J’admire Simone de Beauvoir, cette grande théoricienne du féminisme pour les combats qu’elle a menés en faveur des femmes. Par son travail en tant qu’auteure et ses positions affirmées, elle a fait évoluer la condition féminine. Elle est le reflet du combat pour les droits des femmes, que nous ne devrions jamais oublier et que nous devrions suivre. Une de ses citations m’accompagne souvent dans tout ce que j’entreprends. « C’est dans la connaissance des conditions authentiques de notre vie qu’il nous faut puiser la force de vivre et des raisons d’agir ».
L’homme que vous admirez le plus ?
Dr Denis Mukwege, le Prix Nobel de la paix, médecin gynécologue-obstétricien, directeur de l’hôpital général de Panzi, un centre spécialisé dans l’accueil des victimes de viols dans l’Est de la République démocratique du Congo RDC. C’est un champion de la cause des femmes victimes de violences sexuelles dans son pays, mais aussi dans le reste du monde. C’est un homme qui dit au monde la souffrance des femmes victimes de violences sexuelles. Il les soigne, fait tout pour leur réinsertion et réintégration, car les « réparer », les soigner, les opérer ne peut suffire.
Qui aimeriez-vous être ?
Je voudrais rester moi-même, mais continuer à grandir, à travailler à devenir la meilleure version de moi. Discerner le réel et l’illusoire de ce monde en me concentrant sur le réel. Continuer à avancer dans mes passions et mes intérêts, à meubler ma vie comme je le souhaite et surtout et surtout à faire le bien et semer l’amour autour de moi.
Votre plus beau souvenir ?
La grossesse et la naissance de Shima et Shemeza nos fils jumeaux. Je m’en souviens comme si c’était hier. Les porter, les sentir dans mon corps pendant la grossesse et les voir, les toucher, les entendre crier ce mercredi du 8 mars 2006 reste le plus beau souvenir de ma vie.

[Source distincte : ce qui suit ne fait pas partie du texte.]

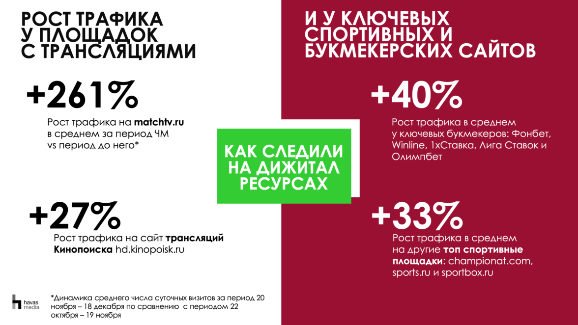 Самый существенный рост трафика наблюдался на сайте Матч ТВ и составил 261%. Также трансляция велась на сайте Кинопоиска, что позволило площадке привлечь 27% трафика. Рост трафика на ключевых спортивных и букмекерских сайтах в среднем составил 30–40%.

Votre plus triste souvenir ?
Octobre 1993. J’avais 15 ans. L’assassinat de Melchior Ndadaye, le héros de la démocratie et la crise qui s’en est suivie. J’étais très jeune à l’époque, je ne comprenais pas ce qui se passait, mais j’ai grandi à travers ces atrocités : les tueries, la balkanisation, les déplacements intérieurs et extérieurs des personnes, les dislocations des familles… Cette crise m’a laissé un souvenir amer, un sentiment d’impuissance et une volonté farouche de contribuer, de voir et vivre la réconciliation et la cohésion dans notre société. J’ai eu la chance, 7 ans plus tard de travailler dans une organisation qui avait pour mission de transformer la façon dont les individus, les organisations et les gouvernements gèrent les conflits en s’éloignant des approches de confrontation vers des solutions coopératives tout en agissant sur les points communs. Cette expérience professionnelle a été non seulement une thérapie, mais aussi un moyen de contribuer dans la construction de la paix dans mon pays.
Quel serait votre plus grand malheur ?
Me retrouver seule, sans famille et aucun ami. En effet, dans ma vie, je me suis retrouvée à plusieurs reprises face à des personnes seules, abandonnées de tous. C’est terrible et impossible à surmonter.
Selon vous, le plus haut fait de l’histoire burundaise ?
La marche vers l’indépendance pour le Burundi caractérisée par l’éveil de la majorité des Burundais. Quand le Prince Louis Rwagasore a fait vibrer la corde sensible du patriotisme burundais, un patriotisme orienté vers la participation active de tous, chacun en son domaine, à l’émancipation totale du Burundi.
La plus belle date de l’histoire burundaise ?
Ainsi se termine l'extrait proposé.